### DESCRIPTION OF THE TASK
How many of the lines in the material below contain the word "local"? Give the number alone.

### RECORD EXTRACTS
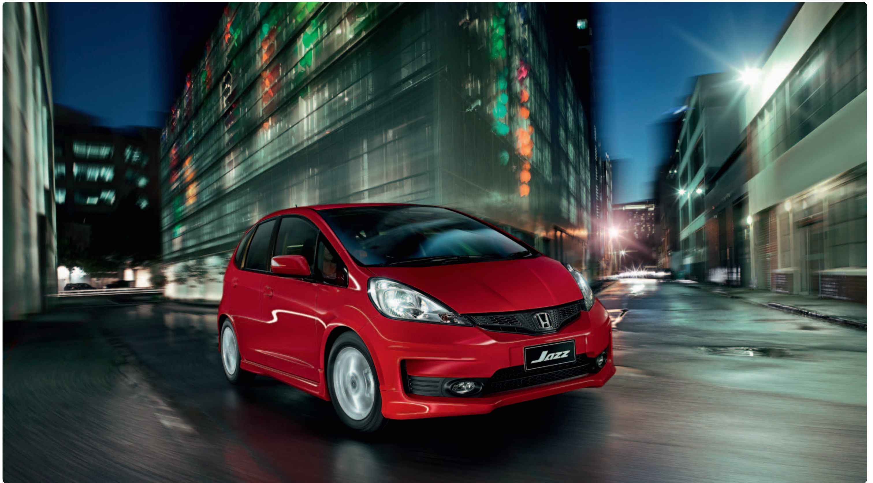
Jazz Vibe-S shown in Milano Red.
---
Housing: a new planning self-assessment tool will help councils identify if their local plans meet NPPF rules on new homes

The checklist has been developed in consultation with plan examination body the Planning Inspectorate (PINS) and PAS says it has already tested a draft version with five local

### RESULT
2